Content starts
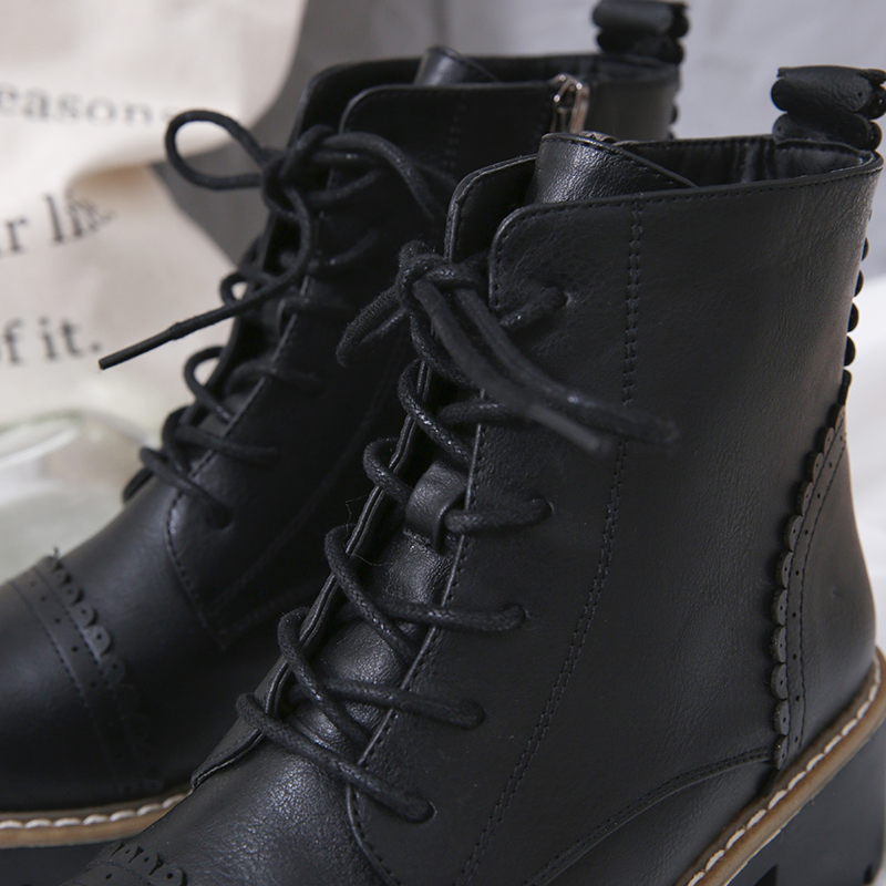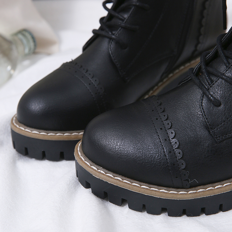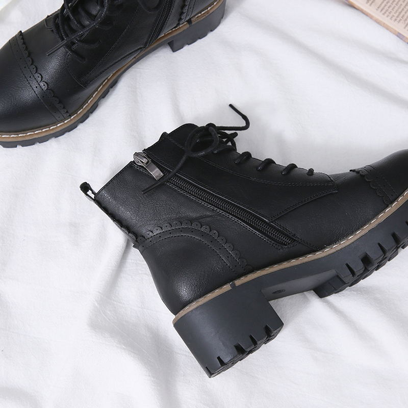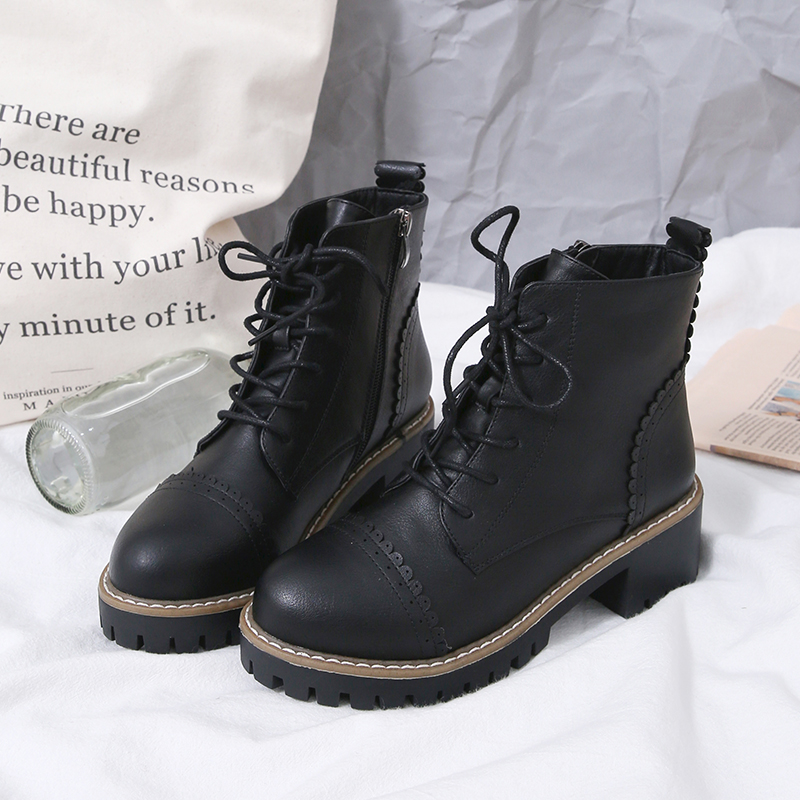 MG小象粗跟系帶馬丁靴女韓版學生休閑短靴2018新款方跟圓頭鞋子潮
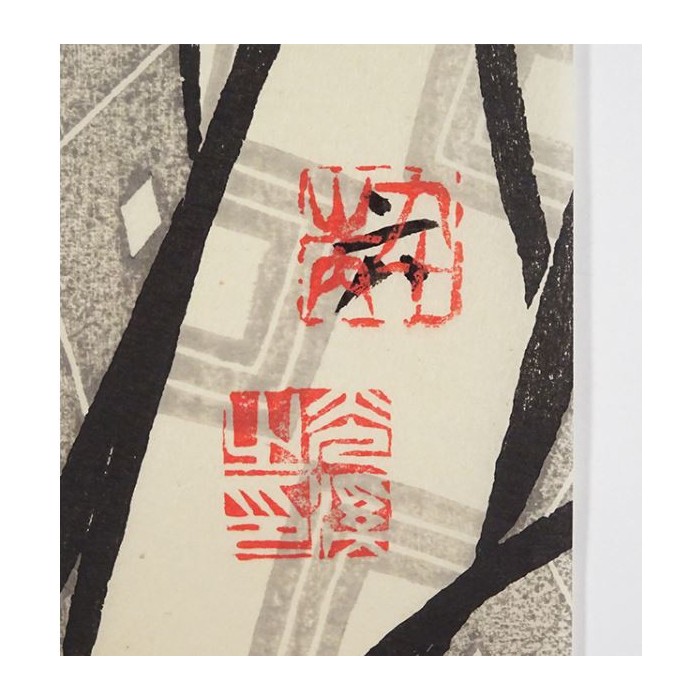 Print artist. One of postwar Japan’s leading designers of woodblock theatre prints. Practiced woodblock carving as a side interest while pursuing a career as an office executive. In 1978 a kabuki performance at the National Theater inspired him to produce a series of theatre prints, after which he became a professional woodblock print artist. He went on to produce around 12 theatrical print designs in series annually from 1978-2000.
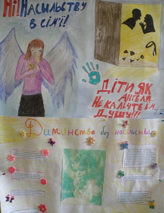 Серед школярів практичним психологом Медвідь Н.Ю. та соціальним педагогом Приймак Л.І. з метою покращення взаємостосунків між членами родини та ознайомленням дітей з поняттям «насильство в родині», проведені соціальні диктанти з творчим завданням «Насильство в сім’ї». Результати диктантів будуть обговорені на батьківських зборах, що відбудуться 5 грудня.
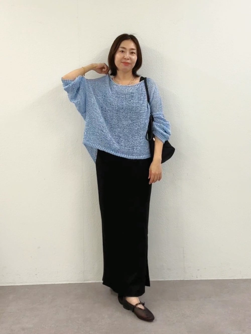 ●ワンピ ブラックFサイズ着用。ハリのある体型カバーにもぴったりなワンピ。着心地も抜群です。 ●ニット 夏も着れるシアーニット。スカートもパンツにも合わせやすいシルエットです。 ◎ワンピとニットのレイヤードコーデ。カラーを主役に。
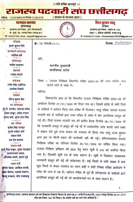 पत्र में कहा गया है कि  7 जनवरी को आयोजित राजस्व निरीक्षक परीक्षा पर आपत्ति जताते हुए संघ ने उच्चस्तरीय जांच के लिए राज्य शासन से पत्राचार किया था. लेकिन राज्य सरकार ने आपत्तियों पर किसी प्रकार की कार्रवाई करने की बजाए परीक्षा का परिणाम 29 फरवरी को घोषित किया दिया.
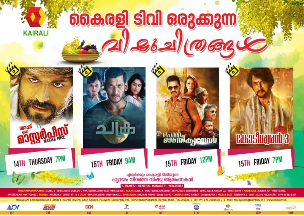 Kairali TV Announced Movie List for Vishu, Prabhu Deva Starer Tamil Movie Dubbed in Malayalam Pon Manickavel, Yash Movie Masterpiece and Sudeep Movie Kodeeswaran 3 etc listed. Vishal Starring ChakraRepeat Telecast Also Scheduled for Kairali Vishu.
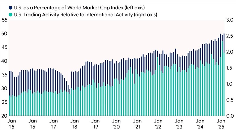 U.S. exceptionalism remains for several fundamental reasons. The dollar maintains its status as the world’s reserve currency. Despite attempts by rivals and complaints from allies, the dollar remains dominant, used in nearly half of global transactions. The role of domestic markets also helps define exceptionalism. As of early 2025, the total market capitalization of the U.S. stock market was approximately $62.2 trillion. The global stock market’s total market capitalization was around $116 trillion, which means the U.S. market cap represents over half of the world’s total market capitalization.
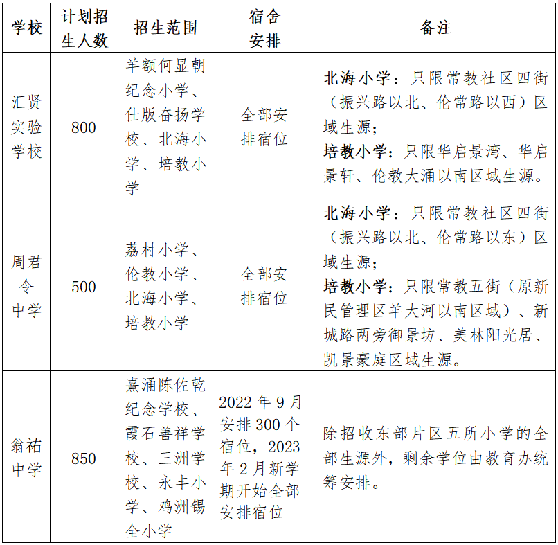根据伦教街道2022年公办初中学位规划情况及小学毕业生生源分布情况,各初中学校招生范围划分具体如下:
Content ends
Task description: Retype precisely, and only, the lines from the one holding "U.S. exceptionalism remains" through the final line of the data above, with the pictures omitted.

Expected answer:
 U.S. exceptionalism remains for several fundamental reasons. The dollar maintains its status as the world’s reserve currency. Despite attempts by rivals and complaints from allies, the dollar remains dominant, used in nearly half of global transactions. The role of domestic markets also helps define exceptionalism. As of early 2025, the total market capitalization of the U.S. stock market was approximately $62.2 trillion. The global stock market’s total market capitalization was around $116 trillion, which means the U.S. market cap represents over half of the world’s total market capitalization.
根据伦教街道2022年公办初中学位规划情况及小学毕业生生源分布情况,各初中学校招生范围划分具体如下:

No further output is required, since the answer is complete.